Repeat every line of the listing below exactly, minus the pictures.

Information shown |

------------------------

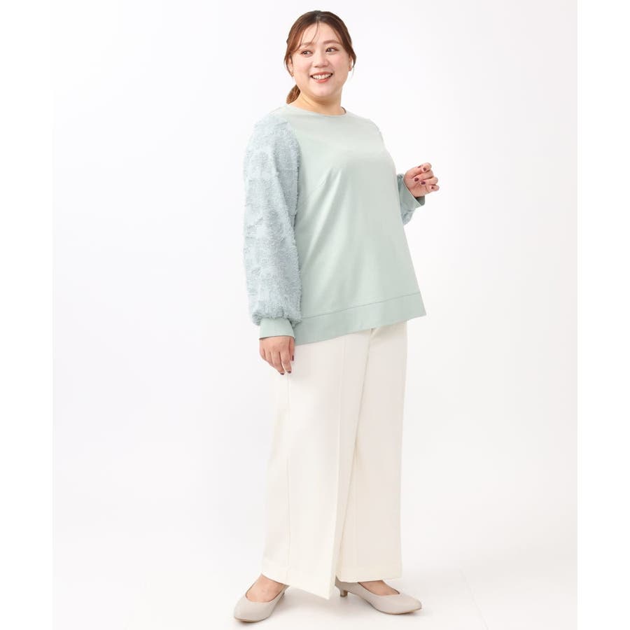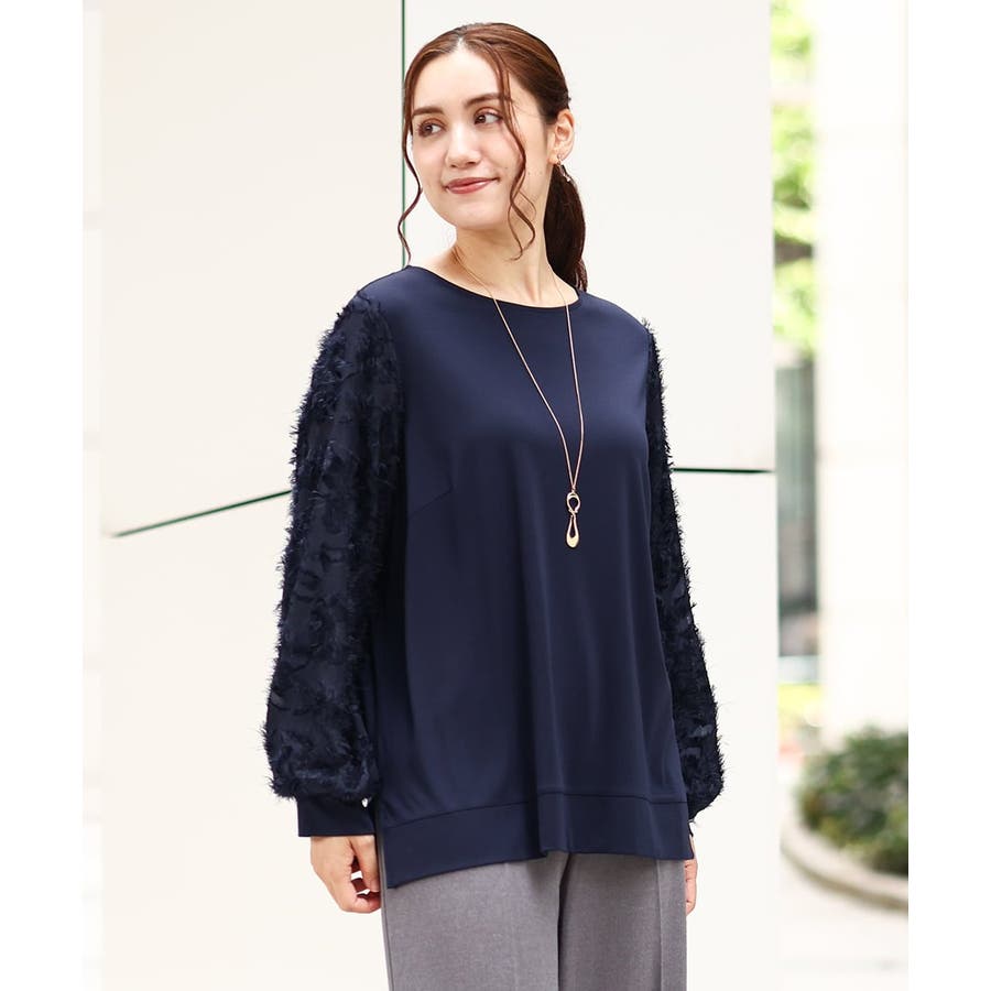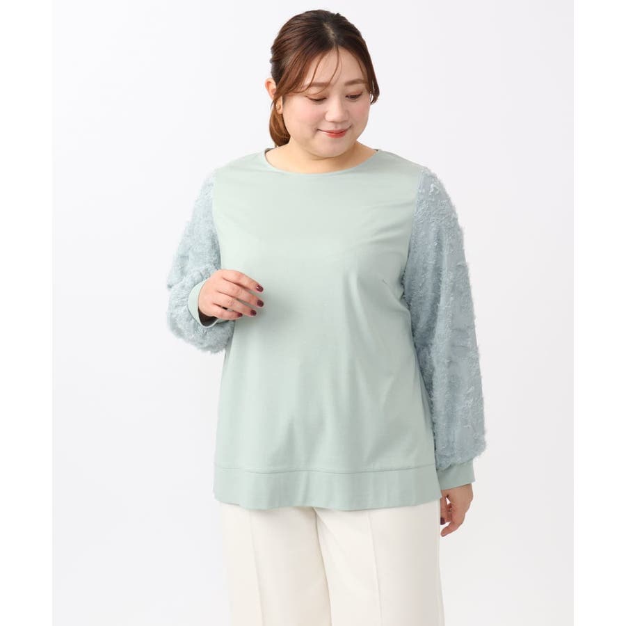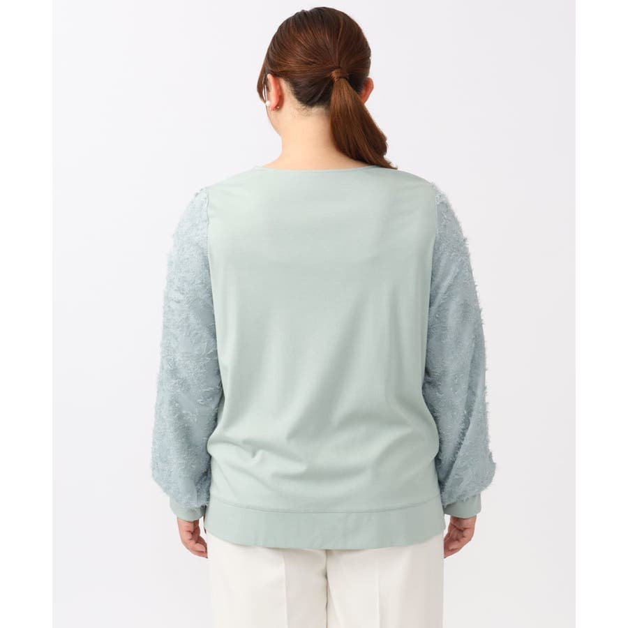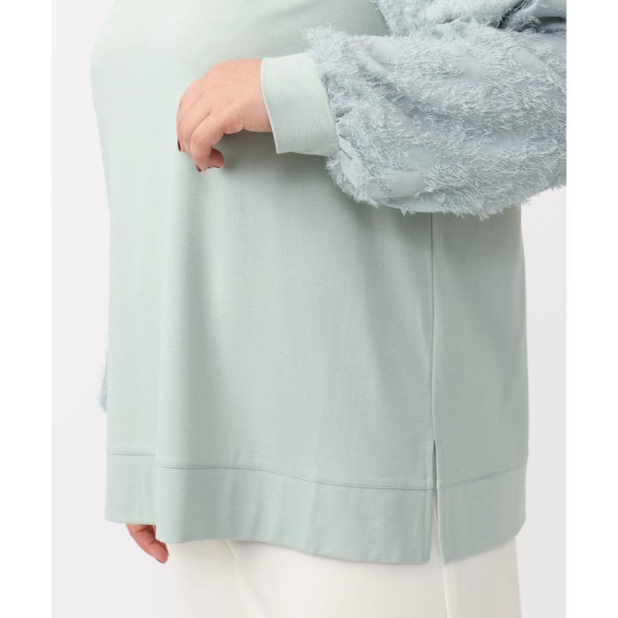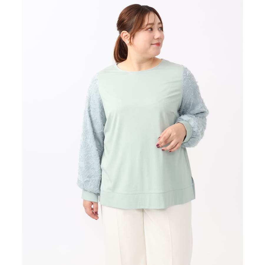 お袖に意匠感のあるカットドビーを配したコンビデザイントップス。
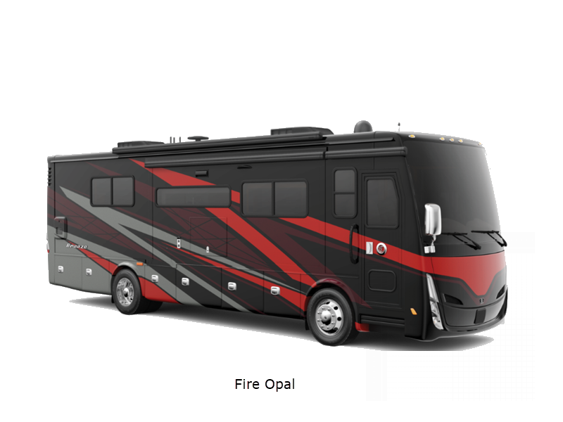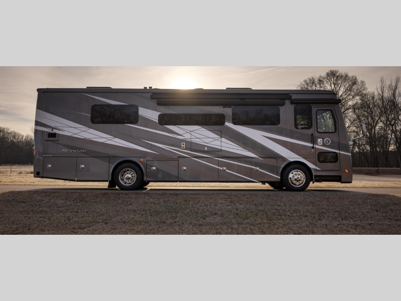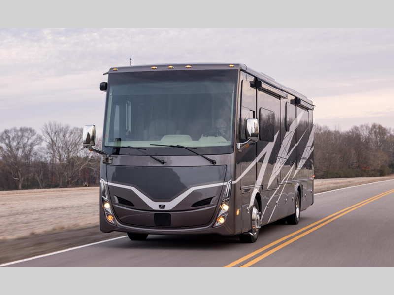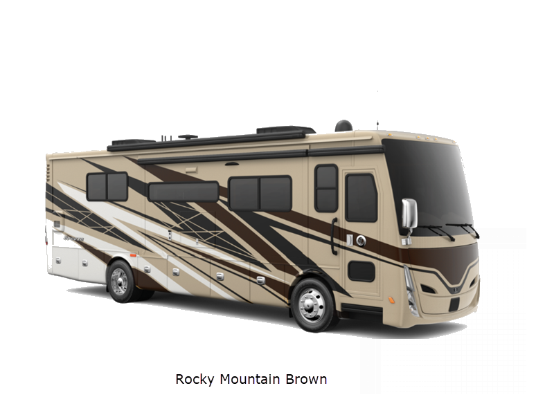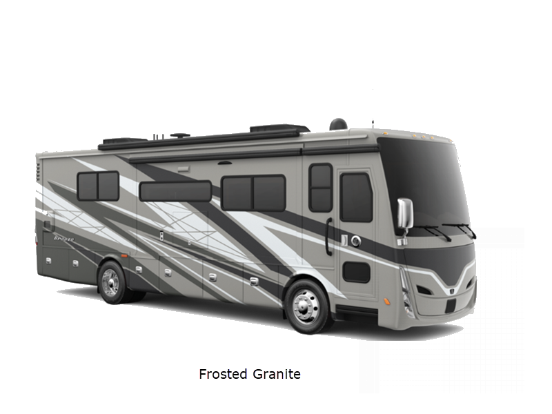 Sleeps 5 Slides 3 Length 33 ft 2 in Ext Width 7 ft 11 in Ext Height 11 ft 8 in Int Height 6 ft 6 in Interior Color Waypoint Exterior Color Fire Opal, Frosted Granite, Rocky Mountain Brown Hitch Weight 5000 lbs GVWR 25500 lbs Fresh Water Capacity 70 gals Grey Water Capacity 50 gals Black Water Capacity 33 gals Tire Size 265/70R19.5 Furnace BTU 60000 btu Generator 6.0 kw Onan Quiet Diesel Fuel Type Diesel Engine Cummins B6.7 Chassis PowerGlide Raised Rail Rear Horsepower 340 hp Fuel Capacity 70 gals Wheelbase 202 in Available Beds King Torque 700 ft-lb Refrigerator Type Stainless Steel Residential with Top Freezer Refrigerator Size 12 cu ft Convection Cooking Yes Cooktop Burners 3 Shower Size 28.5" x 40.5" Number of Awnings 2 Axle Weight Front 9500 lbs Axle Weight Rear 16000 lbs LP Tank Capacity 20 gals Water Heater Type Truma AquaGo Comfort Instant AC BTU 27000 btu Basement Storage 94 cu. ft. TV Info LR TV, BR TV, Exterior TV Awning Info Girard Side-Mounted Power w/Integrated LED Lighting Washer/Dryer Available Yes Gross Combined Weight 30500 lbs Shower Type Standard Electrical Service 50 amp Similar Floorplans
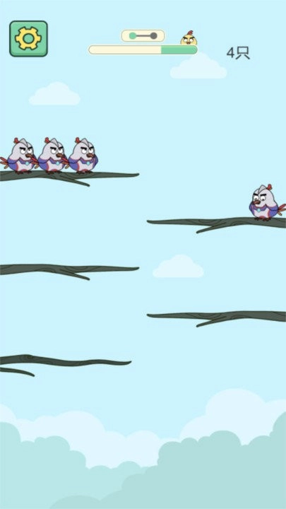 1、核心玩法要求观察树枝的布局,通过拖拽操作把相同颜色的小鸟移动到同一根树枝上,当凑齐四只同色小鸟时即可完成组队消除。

------------------------

Solution to the exercise |
 お袖に意匠感のあるカットドビーを配したコンビデザイントップス。
 Sleeps 5 Slides 3 Length 33 ft 2 in Ext Width 7 ft 11 in Ext Height 11 ft 8 in Int Height 6 ft 6 in Interior Color Waypoint Exterior Color Fire Opal, Frosted Granite, Rocky Mountain Brown Hitch Weight 5000 lbs GVWR 25500 lbs Fresh Water Capacity 70 gals Grey Water Capacity 50 gals Black Water Capacity 33 gals Tire Size 265/70R19.5 Furnace BTU 60000 btu Generator 6.0 kw Onan Quiet Diesel Fuel Type Diesel Engine Cummins B6.7 Chassis PowerGlide Raised Rail Rear Horsepower 340 hp Fuel Capacity 70 gals Wheelbase 202 in Available Beds King Torque 700 ft-lb Refrigerator Type Stainless Steel Residential with Top Freezer Refrigerator Size 12 cu ft Convection Cooking Yes Cooktop Burners 3 Shower Size 28.5" x 40.5" Number of Awnings 2 Axle Weight Front 9500 lbs Axle Weight Rear 16000 lbs LP Tank Capacity 20 gals Water Heater Type Truma AquaGo Comfort Instant AC BTU 27000 btu Basement Storage 94 cu. ft. TV Info LR TV, BR TV, Exterior TV Awning Info Girard Side-Mounted Power w/Integrated LED Lighting Washer/Dryer Available Yes Gross Combined Weight 30500 lbs Shower Type Standard Electrical Service 50 amp Similar Floorplans
 1、核心玩法要求观察树枝的布局,通过拖拽操作把相同颜色的小鸟移动到同一根树枝上,当凑齐四只同色小鸟时即可完成组队消除。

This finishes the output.